Once Williamson lost the toss and MS Dhoni decided to field first, there was perhaps an added pressure on the Sunrisers to put more runs on the board because CSK, in this IPL, have scored at a quicker rate during the Powerplay, middle overs and at the death. And, with a rejuvenated Dhoni batting better than he has ever batted in the IPL, SRH would’ve thought the defence was always going to be tough, even with the best bowling line-up of this IPL.

The onus was on Williamson and Shikhar Dhawan again to bat for long, considering the other batters in the team are struggling to find form. Alex Hales had departed after making a nine-ball two – a brief yet struggling stay in the middle. And, Deepak Chahar was getting the ball to move prodigiously off the pitch.

Sunrisers started slow. The 29/1 at the Powerplay stage is one of their all-time slowest starts.

But when in form, Williamson and Dhawan are as good as anyone in any format of the game. Form, Dhawan regained in the last match. Form is Williamson’s love, it rarely leaves him. So, the two got together to make swift, steady runs.

At the onset of the middle overs, the pitch seemed to have stopped aiding swing and Dhoni tried the spinners on. And, both Williamson and Dhawan targetted them and the medium pacers.


Over No. 10, bowled by Bravo: 10 runs.

Over No. 11, bowled by Jadeja: 13 runs.

Over No. 12, bowled by Watson: 14 runs.

Over No. 13, bowled by Jadeja: 11 runs.

Over No 14, bowled by Harbhajan: 14 runs.

Over No 15, bowled by Willey: 15 runs.

Over No 16, bowled by Bravo: 11 runs and dismissal of Dhawan.

Williamson was dismissed off the next ball and then the innings slowed down when, especially against one of the best chasing sides like the Super Kings, it should have quickened. Sunrisers scored at 9.4 runs during the death overs, which is more than their average death-overs scoring rate (8.4) this tournament, but way less than CSK’s death-overs scoring rate (12.24).

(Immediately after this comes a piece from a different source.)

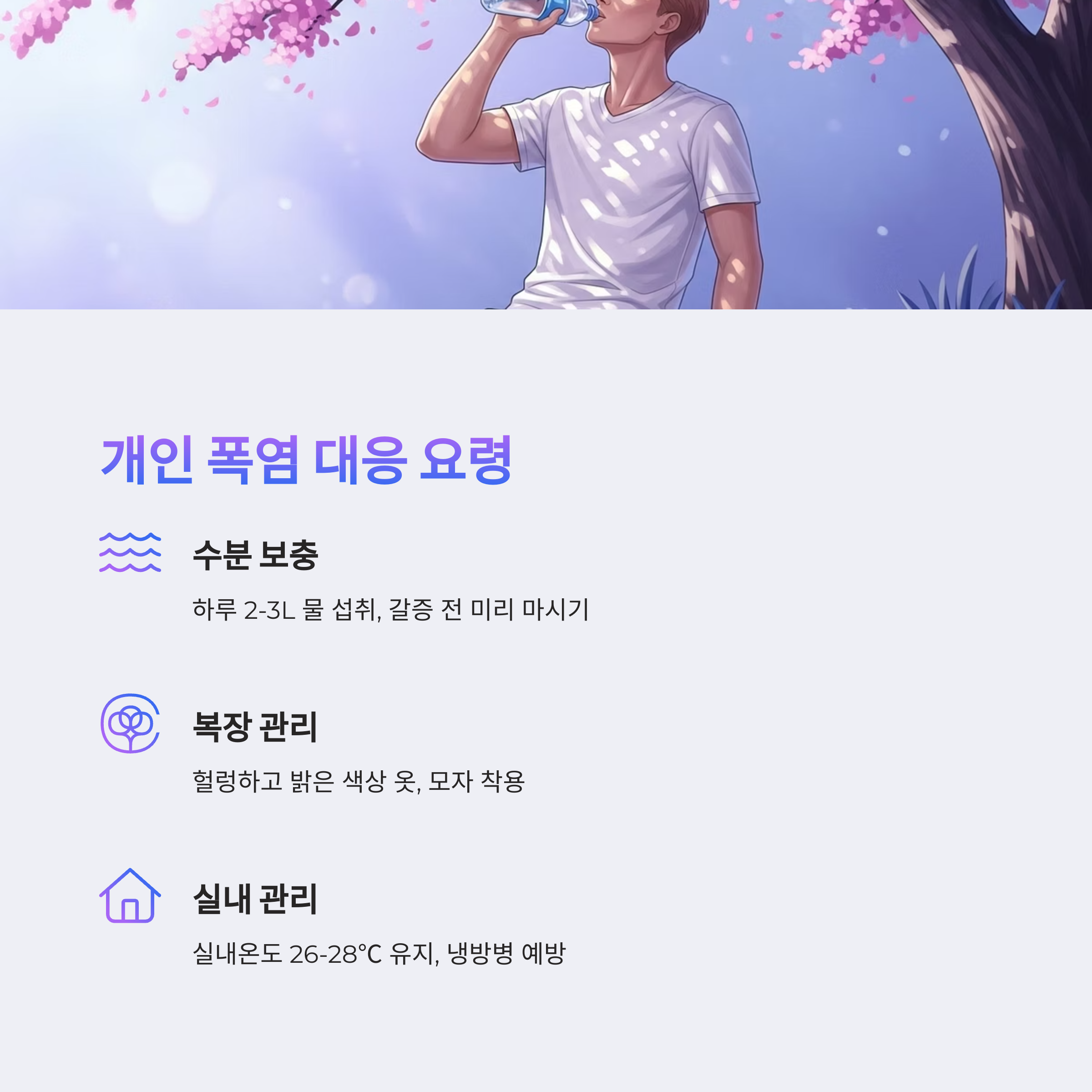 폭염주의보 발령 시 개인과 사회가 취해야 할 대응 요령을 단계별로 정리하였습니다. 적절한 대응으로 폭염 피해를 최소화할 수 있습니다.

Walk in the park for Watto and Rayudu

As the first innings closed, there was heavy cloud cover and it threatened to rain in Pune. So, with the deadly swing bowling duo of Bhuvneshwar and Sandeep Sharma, Sunrisers might have expected a few quick wickets to put pressure on the Super Kings.

The third delivery of the second innings that was perhaps pitched wider than bowler Sandeep had intended and Watson carved it to the point boundary.

The next over, on the second ball bowled by Bhuvneshwar, Watson pulled a good length ball over the deep-midwicket ropes.

Two of the season’s best swing bowlers failed to beat the batsman even once in their first overs. The bounce didn’t vary as well. The pitch, it seemed, was better to bat in the second innings. Dhoni conceded this in his post-match interaction. “I thought the ball will swing more in the second half than what it did for us. The swing was not there, that was a surprise,” he said.

In the next over, Watson hit two more sixes off Sandeep. The opening duo, by now, was reassured that the bowlers wouldn’t get any assistance apart from bounce.

Siddarth Kaul tried bouncers and short-pitched deliveries. But Rayudu’s pull strokes were effective against this. In the seventh over, Rayudu smashed him for 17 runs – 10 coming off pull shots to the midwicket region.

With the run-making being facile against the medium pace trio – Bhuvneshwar, Sandeep and Siddarth – and Shakib Al Hasan, Watson and Rayudu could afford to play out Rashid Khan, who Williamson unleashes when the required run-rate is mounting. But, even Rashid couldn’t get the breakthrough that Sunrisers desperately needed.

It came, finally, in the 13th over, when Watson was run out, unable to finish a quick single. And, Sunrisers struck again in four balls, dismissing Suresh Raina, when he went for a big stroke.

But with just 43 runs required, with 35 balls and eight batters left (including The Mahendra Singh Dhoni) and Rayudu looking in great nick in the middle, the hopes of a Sunrisers revival were just an illusion.